> _DATA LISTING_:
● ● ● ●
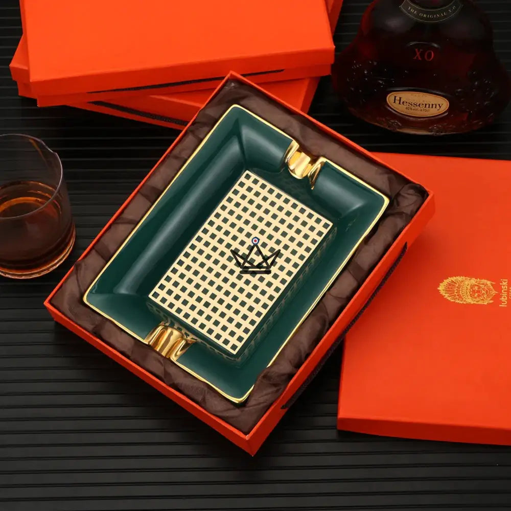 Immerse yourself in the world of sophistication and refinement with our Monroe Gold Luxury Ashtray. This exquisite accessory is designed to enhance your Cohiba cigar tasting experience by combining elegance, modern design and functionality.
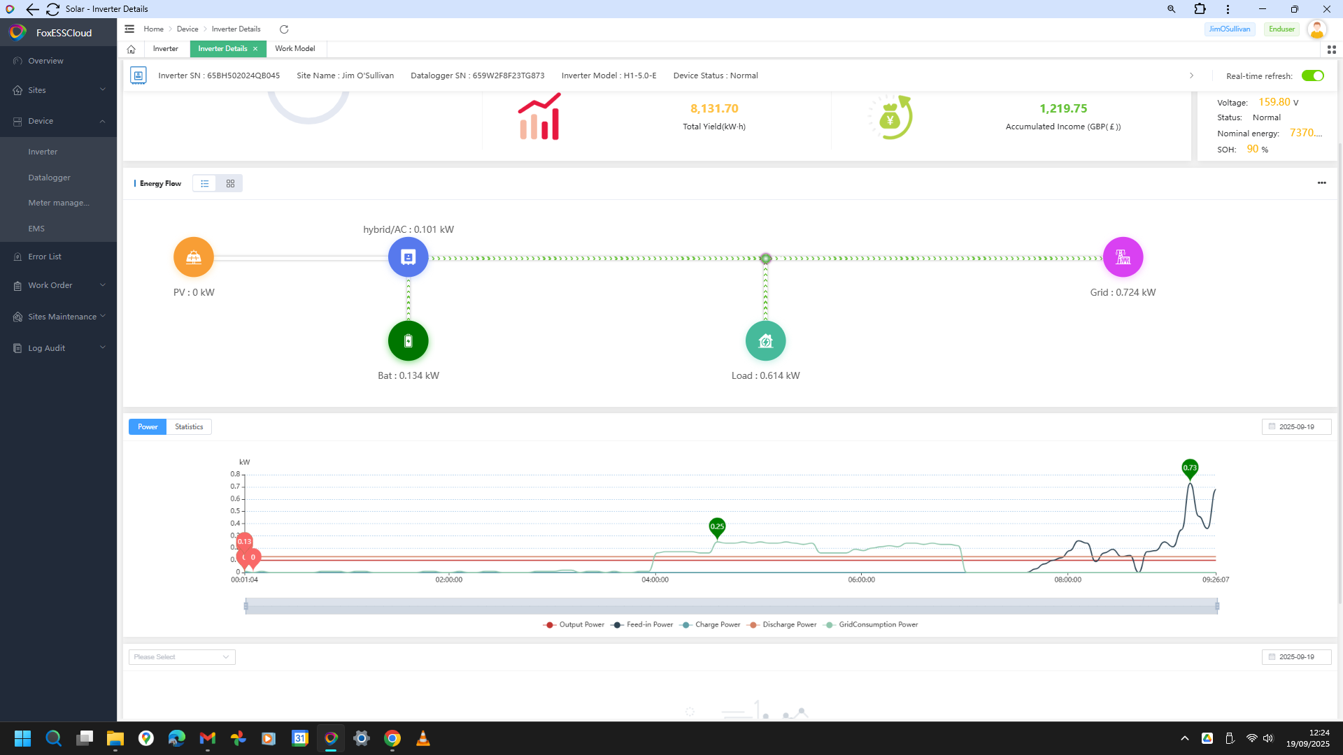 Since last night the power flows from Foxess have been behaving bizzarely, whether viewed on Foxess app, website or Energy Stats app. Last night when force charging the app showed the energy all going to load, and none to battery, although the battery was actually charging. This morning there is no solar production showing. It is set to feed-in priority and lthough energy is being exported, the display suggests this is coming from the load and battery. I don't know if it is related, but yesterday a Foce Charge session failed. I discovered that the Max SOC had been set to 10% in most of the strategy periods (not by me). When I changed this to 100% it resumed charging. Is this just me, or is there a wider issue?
● ● ● ●
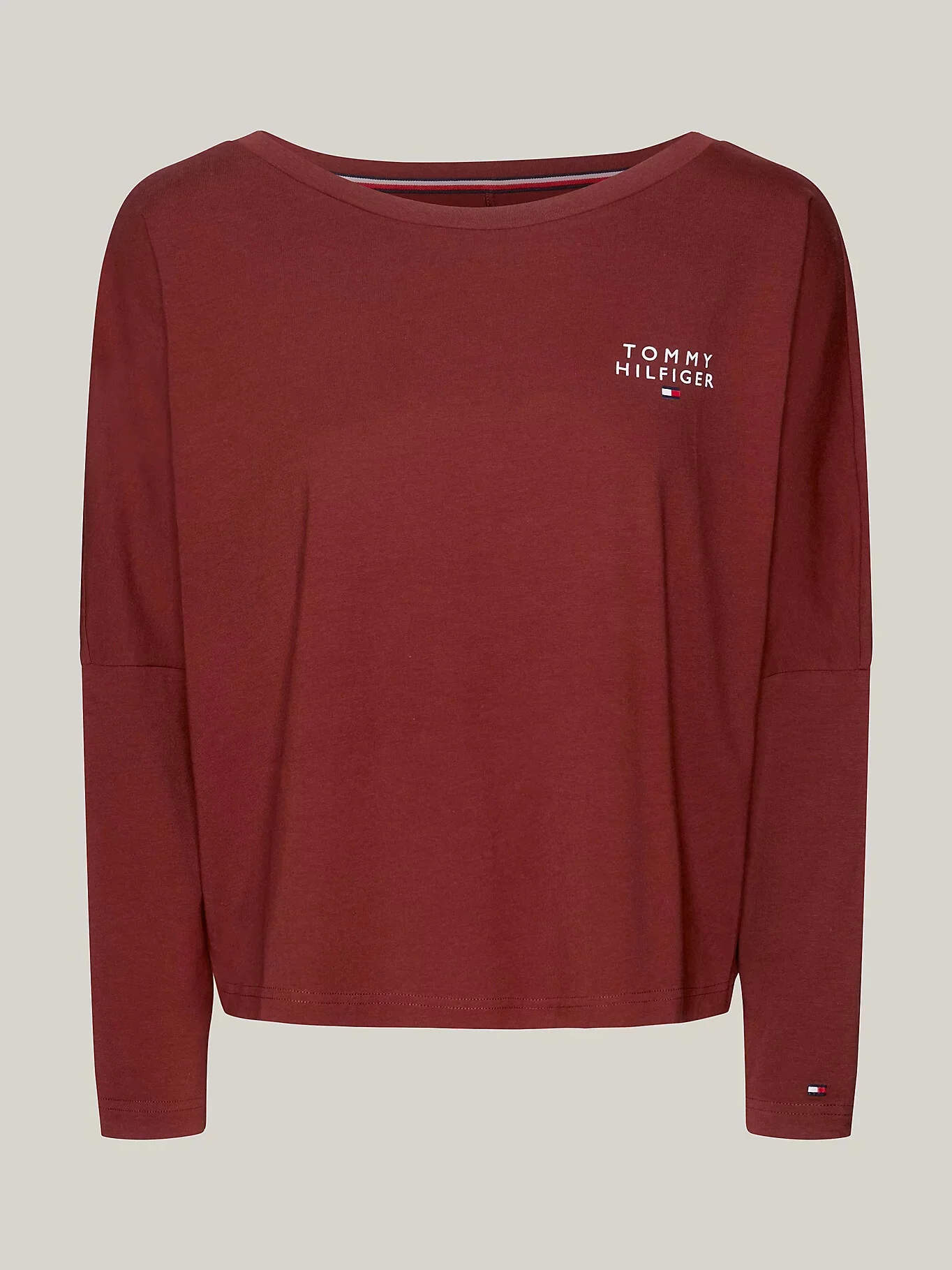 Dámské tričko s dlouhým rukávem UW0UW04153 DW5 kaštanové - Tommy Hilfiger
● ● ● ●
> _DIRECTIONS FOR THIS TASK_: Would you restate, exactly and with no pictures, the lines of the entries above from the one containing "Immerse yourself in" through the one containing "Since last night"?

> _WRITTEN ANSWER_:
 Immerse yourself in the world of sophistication and refinement with our Monroe Gold Luxury Ashtray. This exquisite accessory is designed to enhance your Cohiba cigar tasting experience by combining elegance, modern design and functionality.
 Since last night the power flows from Foxess have been behaving bizzarely, whether viewed on Foxess app, website or Energy Stats app. Last night when force charging the app showed the energy all going to load, and none to battery, although the battery was actually charging. This morning there is no solar production showing. It is set to feed-in priority and lthough energy is being exported, the display suggests this is coming from the load and battery. I don't know if it is related, but yesterday a Foce Charge session failed. I discovered that the Max SOC had been set to 10% in most of the strategy periods (not by me). When I changed this to 100% it resumed charging. Is this just me, or is there a wider issue?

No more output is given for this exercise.